The pictures in the listing below are to be skipped, while the lines between the line holding "Property situated on" and the line holding "午前中の最後の授業を終えると", inclusive, are to be output exactly.

**Data for review**
========================

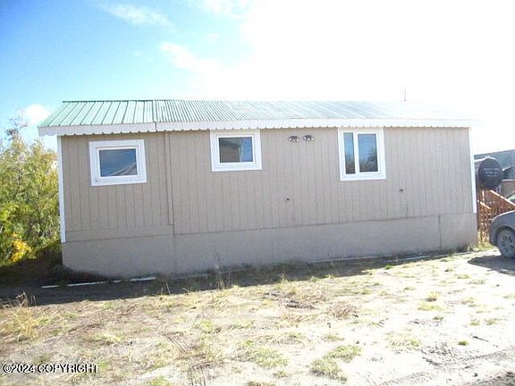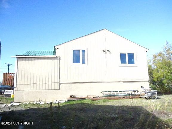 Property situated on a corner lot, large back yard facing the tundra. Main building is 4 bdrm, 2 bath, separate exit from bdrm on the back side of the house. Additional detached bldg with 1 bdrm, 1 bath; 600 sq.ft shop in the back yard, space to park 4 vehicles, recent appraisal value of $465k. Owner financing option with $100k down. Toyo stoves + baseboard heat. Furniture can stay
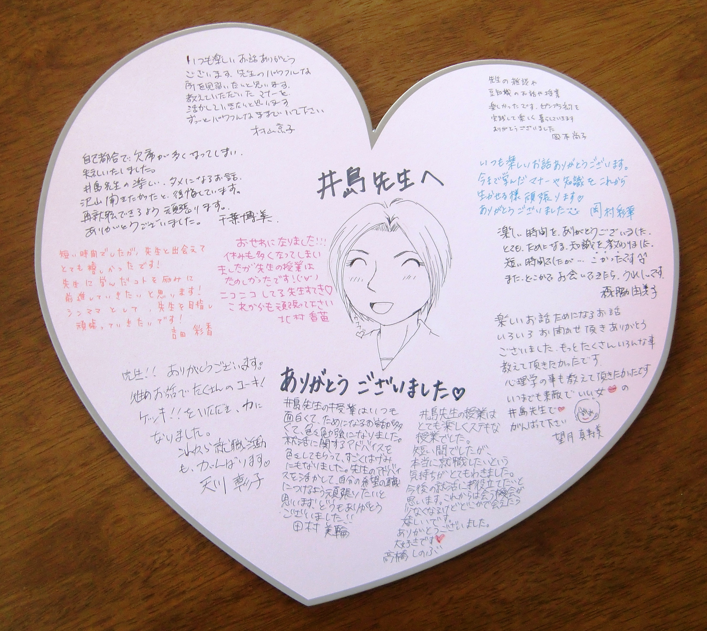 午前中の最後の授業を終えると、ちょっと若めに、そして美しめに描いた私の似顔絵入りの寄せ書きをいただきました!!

========================

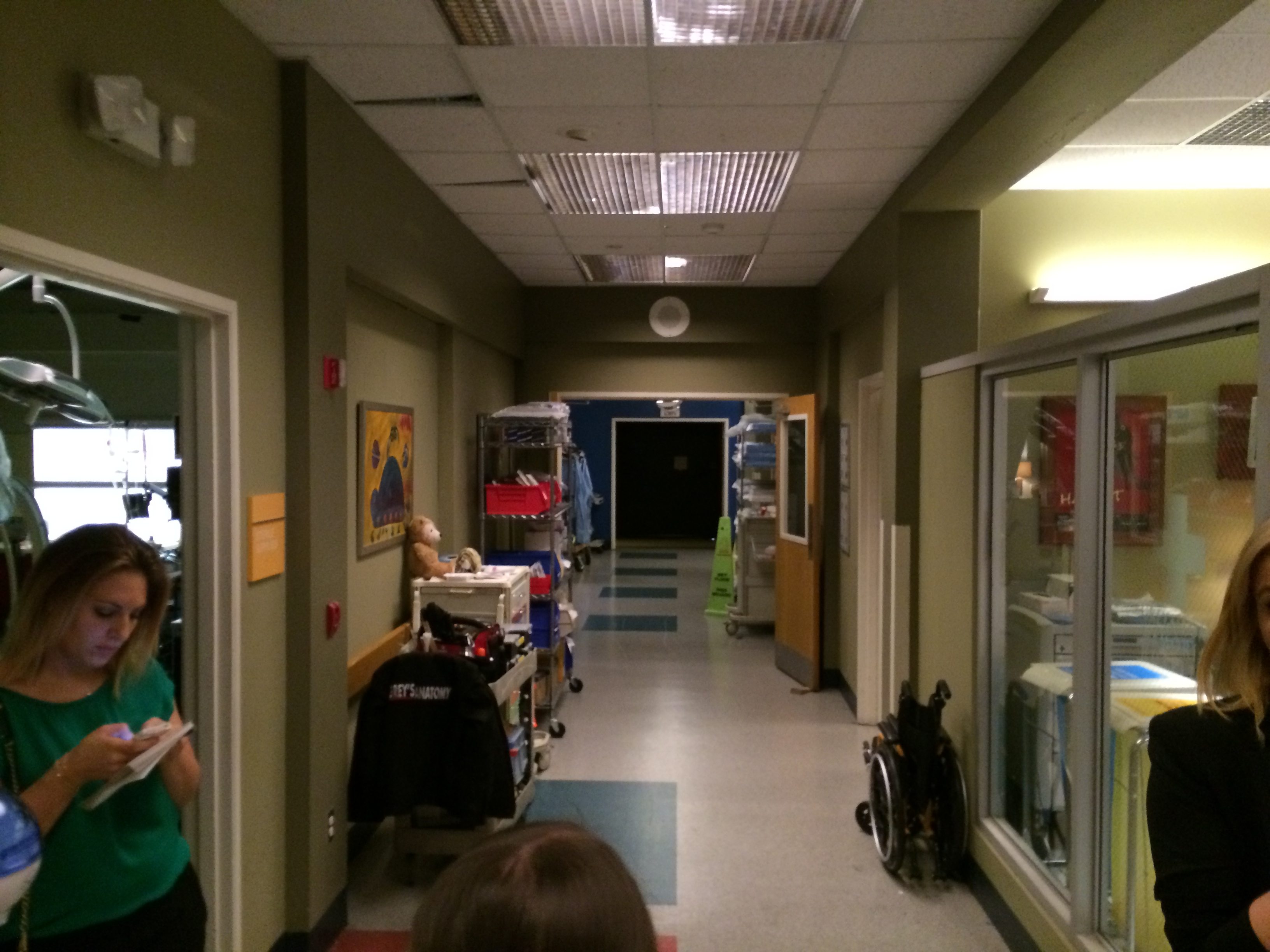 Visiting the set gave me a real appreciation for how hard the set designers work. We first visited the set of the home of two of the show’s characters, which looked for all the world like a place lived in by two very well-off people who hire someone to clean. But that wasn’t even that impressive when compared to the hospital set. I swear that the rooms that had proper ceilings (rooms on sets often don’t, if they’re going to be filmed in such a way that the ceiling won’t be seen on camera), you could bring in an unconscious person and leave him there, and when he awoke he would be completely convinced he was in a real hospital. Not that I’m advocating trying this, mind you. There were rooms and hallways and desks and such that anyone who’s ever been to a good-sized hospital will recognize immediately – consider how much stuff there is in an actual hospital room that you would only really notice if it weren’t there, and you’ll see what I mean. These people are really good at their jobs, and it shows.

========================

**Answer space**
 Property situated on a corner lot, large back yard facing the tundra. Main building is 4 bdrm, 2 bath, separate exit from bdrm on the back side of the house. Additional detached bldg with 1 bdrm, 1 bath; 600 sq.ft shop in the back yard, space to park 4 vehicles, recent appraisal value of $465k. Owner financing option with $100k down. Toyo stoves + baseboard heat. Furniture can stay
 午前中の最後の授業を終えると、ちょっと若めに、そして美しめに描いた私の似顔絵入りの寄せ書きをいただきました!!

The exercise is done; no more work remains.